21. Когда исчерпаны были все виды бухт и гор, воды и суши, душа затосковала по Кисаката. Направившись на северо-восток от гавани Саката, я переходил горы, следовал вдоль берега, ступал по песку — протяжением всего десять ри; когда солнце уже понемногу клонилось к закату, — ветер с моря стал взметать прибрежный песок, заморосил дождь и скрыл гору Тёкай. Я брел в потемках наугад. «И при дожде все по-особому, и, когда прояснится, будет любопытно!» — так подумав, я забрался в крытую камышом хижину и стал ждать, пока перестанет дождь.
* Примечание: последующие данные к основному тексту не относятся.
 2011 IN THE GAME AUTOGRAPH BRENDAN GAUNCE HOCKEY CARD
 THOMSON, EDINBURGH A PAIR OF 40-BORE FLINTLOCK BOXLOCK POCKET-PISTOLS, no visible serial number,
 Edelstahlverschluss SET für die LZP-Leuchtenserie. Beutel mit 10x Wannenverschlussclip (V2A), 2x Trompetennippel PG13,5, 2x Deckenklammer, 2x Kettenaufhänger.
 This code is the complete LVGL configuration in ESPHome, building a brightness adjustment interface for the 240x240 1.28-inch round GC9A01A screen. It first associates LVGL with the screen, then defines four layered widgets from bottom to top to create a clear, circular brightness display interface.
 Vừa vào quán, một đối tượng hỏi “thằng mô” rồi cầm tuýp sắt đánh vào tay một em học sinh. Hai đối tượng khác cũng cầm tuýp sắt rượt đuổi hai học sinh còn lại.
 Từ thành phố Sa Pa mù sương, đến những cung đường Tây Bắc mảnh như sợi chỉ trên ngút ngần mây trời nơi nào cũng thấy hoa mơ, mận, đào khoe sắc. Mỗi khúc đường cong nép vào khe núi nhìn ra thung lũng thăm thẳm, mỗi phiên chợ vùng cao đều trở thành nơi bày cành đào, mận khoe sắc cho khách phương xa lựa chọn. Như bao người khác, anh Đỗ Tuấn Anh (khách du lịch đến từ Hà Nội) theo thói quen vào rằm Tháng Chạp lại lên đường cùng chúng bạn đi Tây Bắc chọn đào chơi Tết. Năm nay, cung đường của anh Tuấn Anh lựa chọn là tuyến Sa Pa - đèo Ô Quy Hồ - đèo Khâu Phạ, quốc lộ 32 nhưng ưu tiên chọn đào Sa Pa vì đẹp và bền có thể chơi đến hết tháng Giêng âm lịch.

Наутро, когда небо совсем прояснилось и радостно засверкало утреннее солнце, я поплыл в лодке к Кисаката.

В уединенье.

Вот так пройдет вся жизнь…

На Кисаката

Приютом станет домик

Под тростниковой крышей…

(Ноин-хоси)

Прежде всего я подвел лодку к острову Ноина — Ноинсима — и посетил место его трехлетнего уединения. Сошел с лодки на другом берегу. Здесь, как память о Сайге, стоит старая вишня, воспетая в стихе: «Над цветами».


На Кисаката

Волной залило вишню,

И над цветами

По светлой, водной глади,

Плывут рыбачьи лодки.

(Сайге)

На берегу есть курган, — говорят, могила императрицы Дзинго[59]. Храм зовется Камандзюдзи. Я не слыхал, чтобы она здесь бывала. Как же так?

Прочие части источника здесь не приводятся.